***** Source material
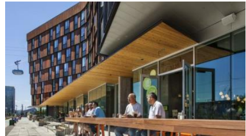
ZGF アーキテツ実績 The Emery: ポートランドのミクストユース・プロジェクト ©Eckert & Eckert
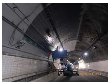
トンネル覆工補強
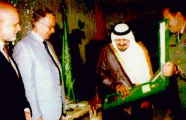
تبادل الهدايا التذكارية

استقبل صاحب السمو الملكي الأمير سلطان بن عبدالعزيز النائب الثاني لرئيس مجلس الوزراء وزير الدفاع والطيران والمفتش العام بمكتب سموه بجدة أمس معالي وزير الزراعة بجمهورية التشيك بان فينسل.
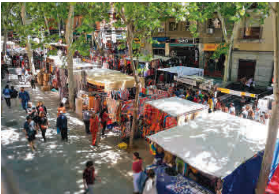
El Rastro regresará en breve al Centro de la capital
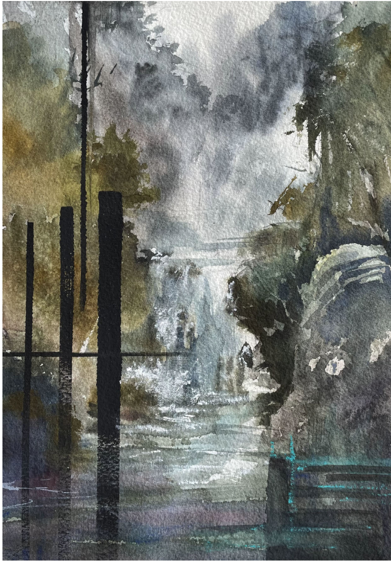
Cascada #3 | Técnica mixta sobre papel 31 x 23 cm
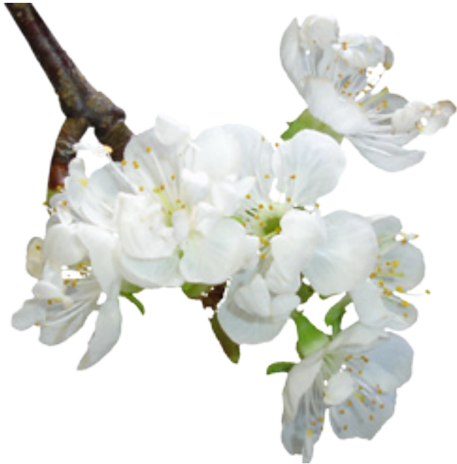
Imaxe 9: Flor de cerdeira con estames convertidos en pequenos pétalos.
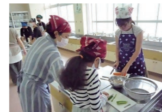
▲保護者ボランティア

保護者や地域の方が、特技を生かして学校の教育活動の支援や運営補助など、広くボランティアとして関わっています。
**********
- **Exercise description**
From the line containing "Cascada #3 |" down to the last line of the data above, transcribe exactly those lines and no others; omit the pictures.

- **Completed task**
Cascada #3 | Técnica mixta sobre papel 31 x 23 cm
Imaxe 9: Flor de cerdeira con estames convertidos en pequenos pétalos.
▲保護者ボランティア

保護者や地域の方が、特技を生かして学校の教育活動の支援や運営補助など、広くボランティアとして関わっています。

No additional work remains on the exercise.